Maximum likelihood estimation of haplotype effects and haplotype-environment interactions in association studies



The associations between haplotypes and disease phenotypes offer valuable clues about the genetic determinants of complex diseases. It is highly challenging to make statistical inferences about these associations because of the unknown gametic phase in genotype data. We describe a general likelihood-based approach to inferring haplotype-disease associations in studies of unrelated individuals. We consider all possible phenotypes (including disease indicator, quantitative trait, and potentially censored age at onset of disease) and all commonly used study designs (including cross-sectional, case-control, cohort, nested case-control, and case-cohort). The effects of haplotypes on phenotype are characterized by appropriate regression models, which allow various genetic mechanisms and gene-environment interactions. We present the likelihood functions for all study designs and disease phenotypes under Hardy-Weinberg disequilibrium. The corresponding maximum likelihood estimators are approximately unbiased, normally distributed, and statistically efficient.

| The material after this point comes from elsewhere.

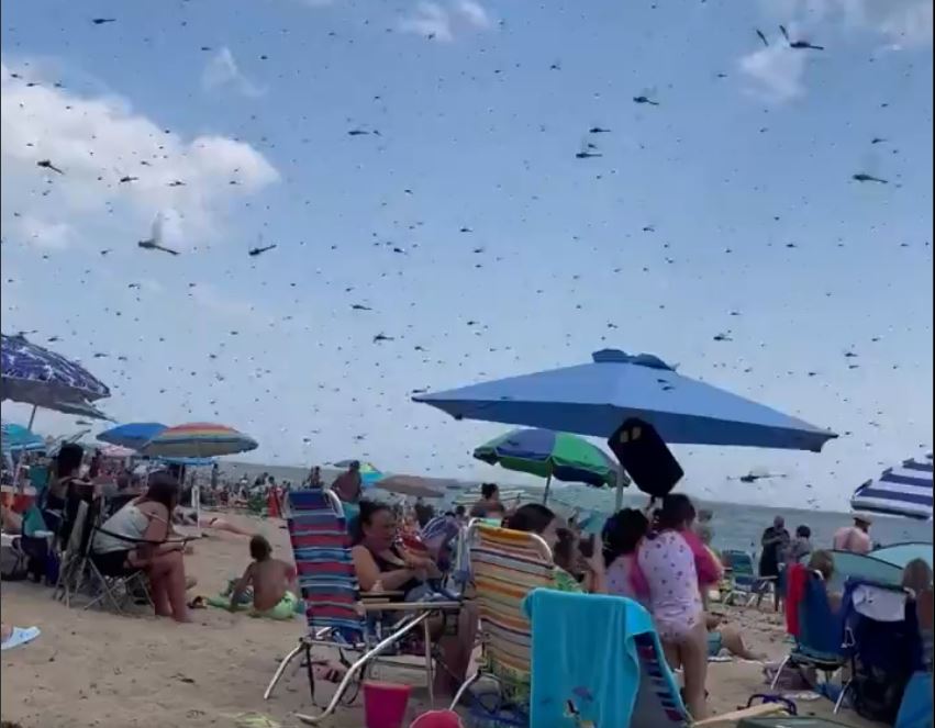 Dragonfly Swarm Surprises Beachgoers At Misquamicut State Beach In US

We provide simple and efficient numerical algorithms to calculate the maximum likelihood estimators and their variances, and implement these algorithms in a freely available computer program. Extensive simulation studies demonstrate that the proposed methods perform well in realistic situations. An application to the Carolina Breast Cancer Study reveals significant haplotype effects and haplotype-smoking interactions in the development of breast cancer. Genet. Epidemiol. 2005. © 2005 Wiley-Liss, Inc.